Der zweite Teil der Tagung umfasste die Mitgliederversammlung. Vorgestellt wurde der aktuelle Entwicklungsstand des Entgeltsystems und die darauf bezogenen Maßnahmen, wie die aktuelle Abstimmung zwischen den Psych-Verbänden, die Kontroversen mit der Bundestherapeutenkammer und die verschiedenen Ebenen der Diskussion mit dem GBA und den Vertretern der Politik. Beschlossen wurde die Einsetzung einer Arbeitsgruppe, die sich intensiv mit dem Entwurf der Weiterbildungsordnung beschäftigt und die relevanten Anliegen der klinisch Verantwortlichen zusammenträgt. Als Eckpunkt wurde bereits die Beibehaltung der 5-jährigen Weiterbildungsdauer fixiert.

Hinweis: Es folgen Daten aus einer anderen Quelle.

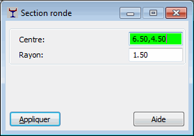 Cette option permet de définir des cercles graphiquement ou en tapant les coordonnées des points dans les champs d'édition appropriés de la boîte de dialogue Section ronde.
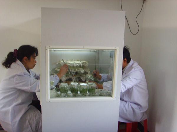 2000年4月,在郴州市科技局的大力扶持下,我园建起了一座小型的组培实验室。多年来,我园多方筹措资金,不断加大投入,先后投入资金150万元。目前我园已建成现代化组培实验楼378㎡,室外配套育苗基地5000㎡,年生产苗木能力达200万株。2007年12月,郴州市林木组培研发中心在我园成立。
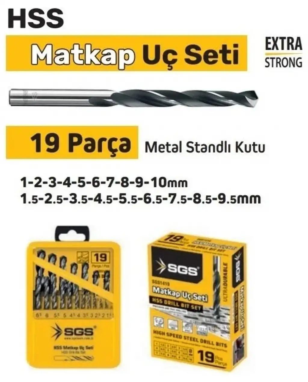 Metal işleme ve montaj projelerinde profesyonel performans sunan SGS 19 Parça HSS Metal Matkap Ucu Seti, yüksek hız çeliğinden (HSS) üretilmiş dayanıklı bir settir. 1 mm'den 10 mm'ye kadar en sık kullanılan ölçüleri içeren bu set, hem atölye ortamında hem de ev tipi tamiratlarda delme işlemlerini hızlı ve pürüzsüz hale getirir.
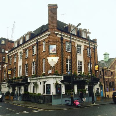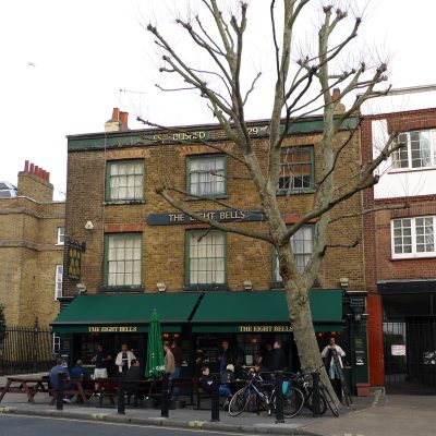 Nach Spielende wurde keine Zeit vergeudet, um den auf dem Hinweg aufgefallenen Pub The Eight Bells an der Putney Bridge anzusteuern. War auch gut so, denn so gab es eine Sitzgelegenheit in der hinterletzten Ecke für unser Quintett, bevor der Pub wenige Minuten später durch weitere Stadionbesucher brechend voll wurde. Wir schauten hier bei ein paar Pints Fuller’s London Pride Wales vs. England (Rugby, Six Nations). Der Pub war nebenbei von 1886 bis 1888 provisorische Umkleidekabine des Fulham FC und außerdem 1986 nochmal groß in den Schlagzeilen, weil der Serienkiller Stockwell Strangler unweit des Pubs sein letztes Opfer ermordete. Die Schreie der 83jährigen Frau waren aber nicht zu hören, weil im Pub eine laute Party zu Ehren der Hochzeit von Prince Andrew und Fergie war.
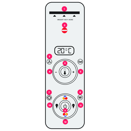 1. Insert Room Key: To operate or make any adjustments to the lighting or temperature please ensure your key card is inserted into the key panel socket and remains in place. Please allow up to 20 minutes for temperature adjustments to take full affect.
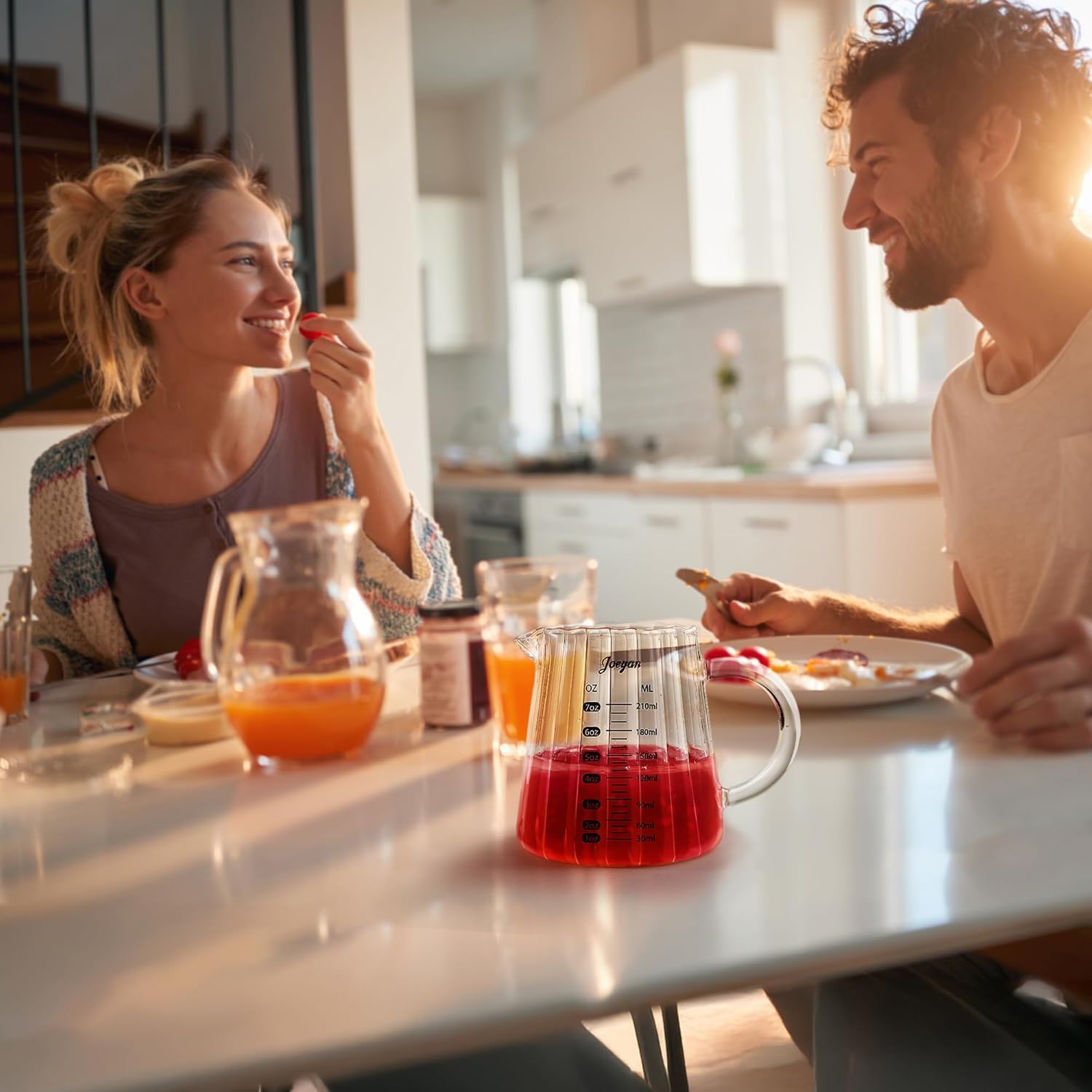 - High Quality Material: Our glass measuring jug made of high borosilicate material, lightweight, anti-corrosion, heating and refrigeration acceptable. And safer than any plastic measuring jug.
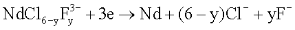 Изобретение относится к электролитическим способам получения неорганических соединений, в частности соединений неодима. Известен способ получения гексаборида неодима электролизом раплавленных сред. В состав ванны для электролиза входят окислы редкоземельных металлов и борный ангидрид с добавками фторидов щелочных и щелочно-земельных металлов для снижения температуры и вязкости ванны. Температура электролиза смесей составляет 950-1000°С, напряжение на ванне 3-15 В, плотность тока 0,3-3,0 А/см2. Состав ванны для получения гексаборида неодима: 1/15 Nd2O3+2B2O3+Li2O+LiF (Самсонов Г.В. Тугоплавкие соединения редкоземельных металлов. М.: Металлургия, 1964, стр.53-55). Этот способ взят нами за прототип. Недостатками этого способа являются высокая температура синтеза и сложность отделения целевого продукта от расплавленного электролита из-за низкой растворимости боратов и фторидов, загрязнение побочными продуктами, в частности боратами. Задача изобретения – получение чистого наноразмерного порошка гексаборида неодима без образования побочных продуктов и снижение температуры процесса синтеза. Сущность изобретения заключается в том, что осуществляют совместное электровыделение неодима и бора из хлоридного расплава, содержащего хлорид неодима и фторборат калия на катоде, и последующее взаимодействие их на атомарном уровне с образованием нанодисперсных порошков гексаборида неодима. Процесс осуществляется в трехэлектродной кварцевой ячейке, где в качестве катода используется вольфрамовый пруток; электрода сравнения – стеклоуглеродная пластина; анода и одновременно контейнера – стеклоуглеродный тигель. Синтез нанодисперсного порошка гексаборида неодима проводят посредством потенциостатического или гальваностатического электролиза из эквимольного расплава KCl-NaCl, содержащего хлорид неодима и фторборат калия в атмосфере очищенного и осушенного аргона. Потенциостатический электролиз эквимольного расплава KCl-NaCl, содержащего хлорид неодима и фторборат калия, проводят на вольфрамовом электроде в пределах от -2,5 до -4,0 В относительно стеклоуглеродного электрода сравнения. Гальваностатический элетролиз того же расплава при плотностях тока от -0,1 до -1,0 А/см2. Синтез проводят в атмосфере очищенного и осушенного аргона. Катодно-солевую грушу, состоящую из гексаборида неодима, отмывают от фторида неодима во фториде калия. Электрохимические процессы, происходящие при образовании боридов неодима, можно представить следующими уравнениями:
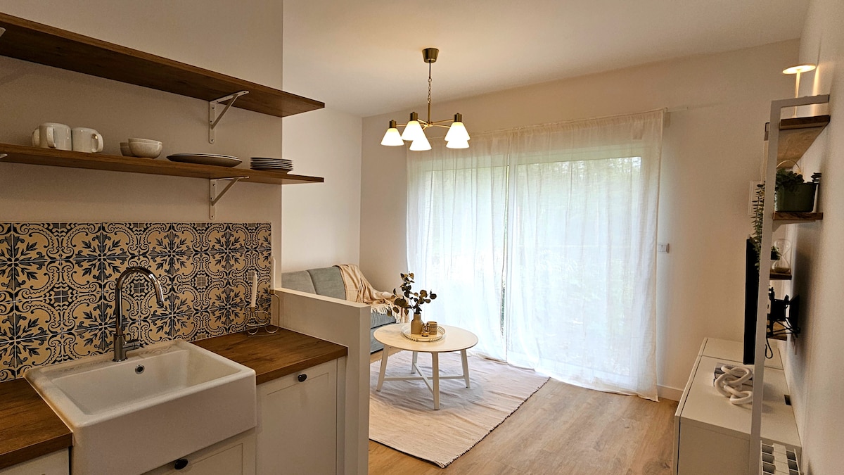 Tere tulemast meie koju! Ootame sind diskreetselt ja hea huumoriga meie maja kohal ja maapiirkonnas asuvas korteris. Korteril on täiesti iseseisev sissepääs ja kaks parkimiskohta! Varustatud köögiga, vannitoa ja tualetiga, samuti magamistuba voodiga 140 x 190 cm ja klõpsuga elutoas 140 x 190 cm. Voodipesu ja rätikud puuduvad. Palume, et koristaksid minimaalselt vajalike tarvikutega.
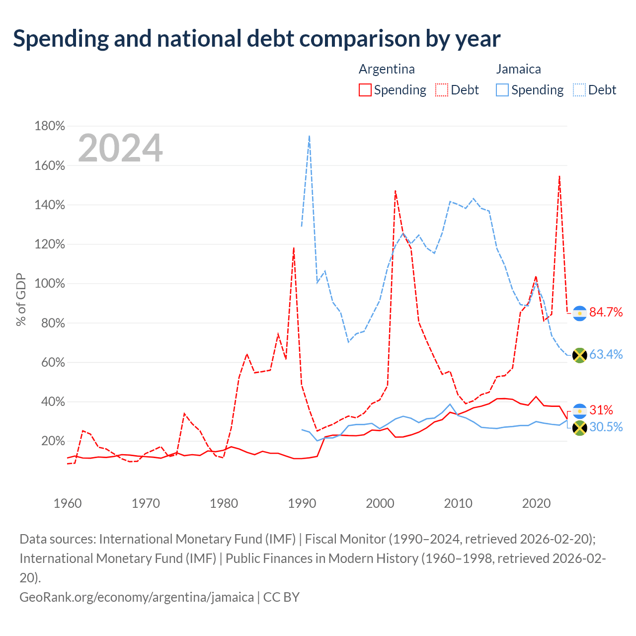Argentina has $540B in government debt (84.7% of GDP), compared to $14B (63.4% of GDP) in Jamaica.
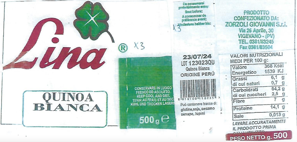 La quinoa richiamata è stata prodotta dall’azienda Agritrade Sac in Perù ed è stata confezionata da Zorzoli Giovanni Srl, nello stabilimento di via 26 Aprile 30, a Vigevano, in provincia di Pavia.
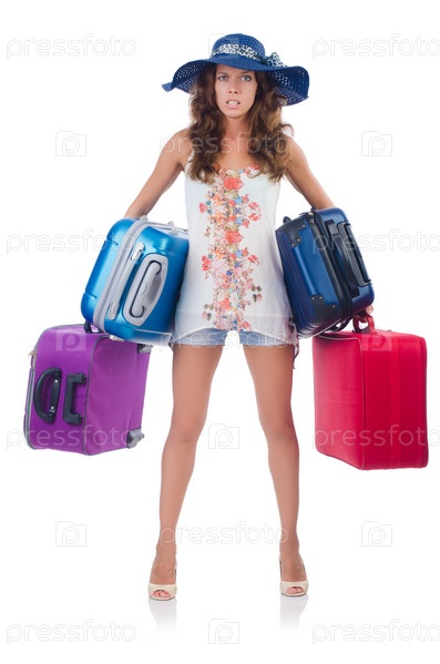 Женщина, готовящаяся к отпуску, с чемоданом на белом фоне

Vorgestellt wurde eine von der BDK in Auftrag gegebene Synopse der Unterbringungsgesetze der Länder mit einem Focus auf den Regelungen zur Zwangsbehandlung. Die unter einer Reihe von Schlagworten geordneten gesetzlichen Regelungen sind im Mitgliederbereich der Homepage der BDK einzusehen.

Dank für die gute Organisation und den anregenden Rahmen der Tagung gebührt den Verantwortlichen der Augustinus Fachkliniken.